Johanning: Stimmt, Risiko ohne Rendite gibt es. Aber im Ernst: Staatsanleihen sind uninteressant geworden. Bei Unternehmensanleihen ist Risiko besser kalkulierbar, und die Rendite liegt auch über null. Da die Banken weniger Kredite vergeben werden, wird diese Anlageklasse weiter wachsen. Wegen der Inflationsgefahr werden Sachwerte wie Aktien wichtiger. Und schließlich wird es eine Renaissance des aktiven Vermögensmanagements geben. Nur so lässt sich in schwierigen Phasen der breite Markt schlagen.
Kirchhoff: Unsere Untersuchungen bestätigen das so nicht. In den vergangenen zehn Jahren waren aktive Fondsmanager eher schlechter als der breite Markt.
Johanning: Sie dürfen nicht vergessen, dass Fonds mit aktivem Management auch höhere Kosten tragen. Trotz dieser Kosten sind viele Fonds an der Benchmark. Außerdem gibt es wirklich erfolgreiche Fonds.
Kirchhoff: Ja, es gibt gute Fondsmanager. Die meisten sind aber die Mehrkosten gegenüber passiven Strategien nicht wert. Gerade in Abwärtsphasen sind viele Fonds ähnlich schlecht oder schlechter als der Vergleichsindex. Letztlich geht es darum, wie hoch der Verlust für die Anleger ist. Den versuchen wir mit unserem Risikomanagement so gering wie möglich zu halten.

Um von der Fondsdiskussion wegzukommen: Was empfehlen Sie, Herr Schlösser?
Schlösser: Das kommt auf den Kunden an. Viele überschätzen ihre Fähigkeit, starke Schwankungen auszuhalten. Dabei sollte man langfristig an einer Strategie festhalten.
Johanning: Hin und her macht Taschen leer.
Schlösser: Generell raten wir zu einer breiten Streuung in Renten, Aktien und deutsche Immobilien. Im heimischen Immobilienmarkt ist die Blasengefahr noch nicht so groß wie in Frankreich oder Großbritannien.
Rüttgers: Ganz anders bei land- und forstwirtschaftlichen Flächen, die unsere Spezialität sind. Hier gibt es in Deutschland eine Blase. Die USA, aber auch Länder wie Rumänien sind deutlich attraktiver. Dort stimmen die Bodenqualität und der Preis. Übrigens halten wir keine liquiden Mittel mehr in Euro, weil uns das zu riskant ist. Und wenn wir Staatsanleihen kaufen, dann nur aus Norwegen, Singapur, Deutschland oder den USA.

Niemand von Ihnen hat Gold genannt.
Kirchhoff: Gold ist ein reines Wohlfühlinvestment.
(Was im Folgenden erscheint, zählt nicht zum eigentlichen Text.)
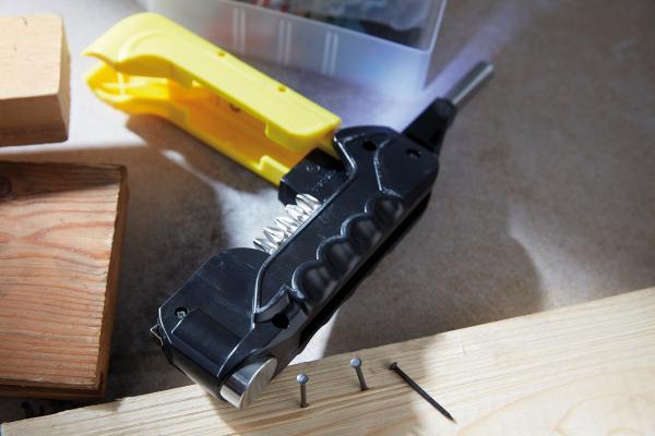 Narzędzie wielofunkcyjne HINGED , 17 możliwych zastosowań, wbudowana poziomica, rozkładany śrubokręt z 12 różnymi końcówkami, światło LED, taśma miernicza 1 m, młotek, pakowane w pudełko.

Die meisten Menschen übersehen, dass man in Krisenzeiten nichts damit kaufen kann. Sie können ja nicht mit einem Barren und einem Gurkenhobel in ein Geschäft gehen und dann die benötigte Menge runterschaben.
Johanning: Es hat auch von der Schmuckbranche einmal abgesehen keinen wirtschaftlichen Nutzen.
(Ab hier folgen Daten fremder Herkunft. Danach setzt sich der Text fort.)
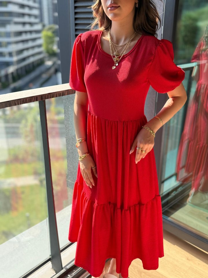 Kadın Kısa Kollu Yakası Açık Katlı Bürümcük Balon Elbise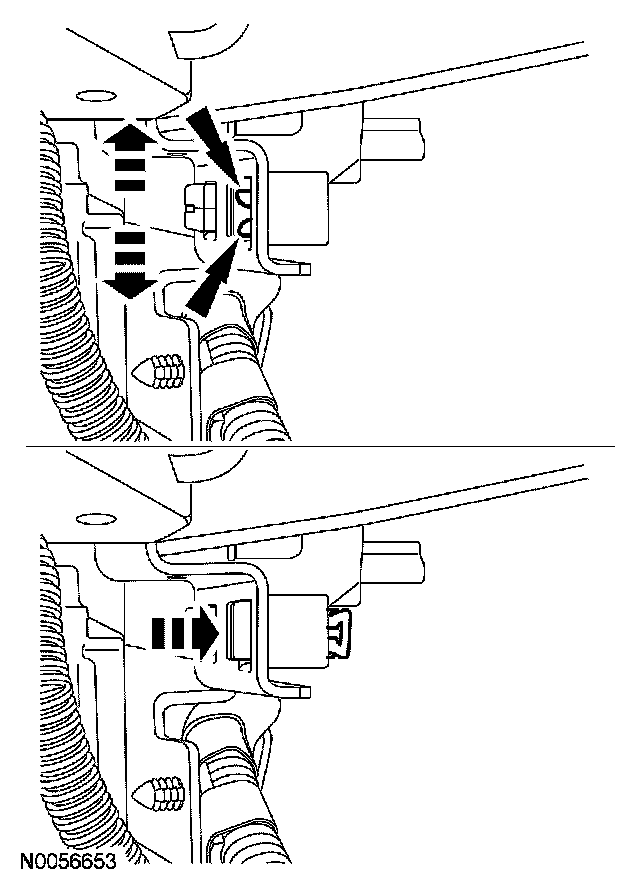 7. Slide the seat position sensor rearward to release the 2 hooks from the bracket. Then remove the seat position sensor.

Um was machen Sie einen Bogen?
Kirchhoff: Solange die Eurokrise virulent ist, ganz klar Aktien von Banken und Versicherungen ...
Schlösser: ... und natürlich Staatsanleihen aus Südeuropa. Bei Festgeld sollte man außerdem im Auge behalten, wo es liegt.
Rüttgers: Richtig. Wenn das Eurosystem kollabiert, könnten Privatanleger nicht mehr so ungeschoren davonkommen wie in der Finanzkrise.
Johanning: Island lässt grüßen. Festgeld mit drei Prozent Zinsen gibt es nur mit Risiko. Wer sicher sein will, muss eben negative Realzinsen akzeptieren.

Die Kapitalmarktexperten:

Prof. Lutz Johanning ist Lehrstuhlinhaber für Empirische Kapitalmarktforschung an der WHU Otto Beisheim School of Management. Zu seinen Forschungsschwerpunkten gehört das Thema Risikomanagement.

Götz J. Kirchhoff ist Geschäftsführer von Avana Invest. Der Vermögensverwalter bietet Portfoliokonzepte mit börsengehandelten Indexfonds (ETFs) und börsengehandelten Rohstoffen an (ETCs) .

Dr. Dirk Rüttgers ist Geschäftsführer der Silvius Dornier Verwaltungsgesellschaft und Vorstand von Do Investment. Diese ist spezialisiert auf Forst- und Agrarflächen.

Günter T. Schlösser ist geschäftsführender Gesellschafter des Kölner Vermögensverwalters Portfolio Concept sowie Vorstandsvorsitzender des Verbands unabhängiger Vermögensverwalter Deutschland (VuV).